If $f$ is integrable on $[a,b]$ and $g$ is a function on $[a,b]$ . Show $g$ is integrable and $\int_a^b f(x) = \int_a^b g(x)$.

Question

Problem:

If $f$ is integrable on $[a,b]$ and $g$ is a function on $[a,b]]$ so that $f(x) = g(x)$ except for finitely many $x \in [a,b]$. Show $g$ is integrable and $\int_a^b f(x) = \int_a^b g(x)$.

I have looked at the solution from this page.

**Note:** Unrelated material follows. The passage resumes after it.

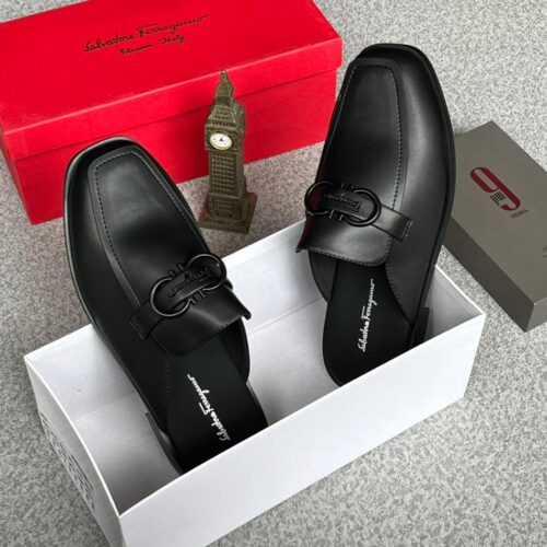 Define your sharp, modern look with this luxurious slip-on loafer. Crafted in jet-black smooth leather, this backless design offers effortless style and comfort. The striking feature is the matte black buckle detailing—a contemporary twist on classic hardware. Perfect for upscale casual events or for elevating your everyday style with a touch of designer sophistication.

Where they use induction to prove this, such as this:

However my question is how do they arrive at $$t_k - t_{k-1}= \frac{\epsilon}{12B}$$ and $$|U(g,p) - U(f,p)| \le 2[B-(-B)]*\max \{ t_k - t_{k-1}\} < \frac{\epsilon}{3} $$

Thank you very much.

Answer 1

For $|U(g,p) - U(f,p)| \le 2[B-(-B)]*\max \{ t_k - t_{k-1}\} < \frac{\epsilon}{3} $:

Remember that $f=g$ except for exactly one point. The worst case is that precisely this point is one of the points of the partition $P$. In this case, by the definition of upper sum, $U(f,P)$ and $U(g,P)$ only differes on what hapepens in these two intervals, so $U(f,P)-U(g,P)$ calcels except on AT MOST, two (consecutive) intervals. So

$$U(f,P)-U(g,P)=(M_k(f)-M_k(g))(t_k-t_{k-1})+(M_{k+1}(f)-M_{k+1}(g))(t_{k+1}-t_{k}), $$ where $M_j(f)$ is the max of $f$ in the $j$-th interval (and the same for $g$).

Can you finish from here?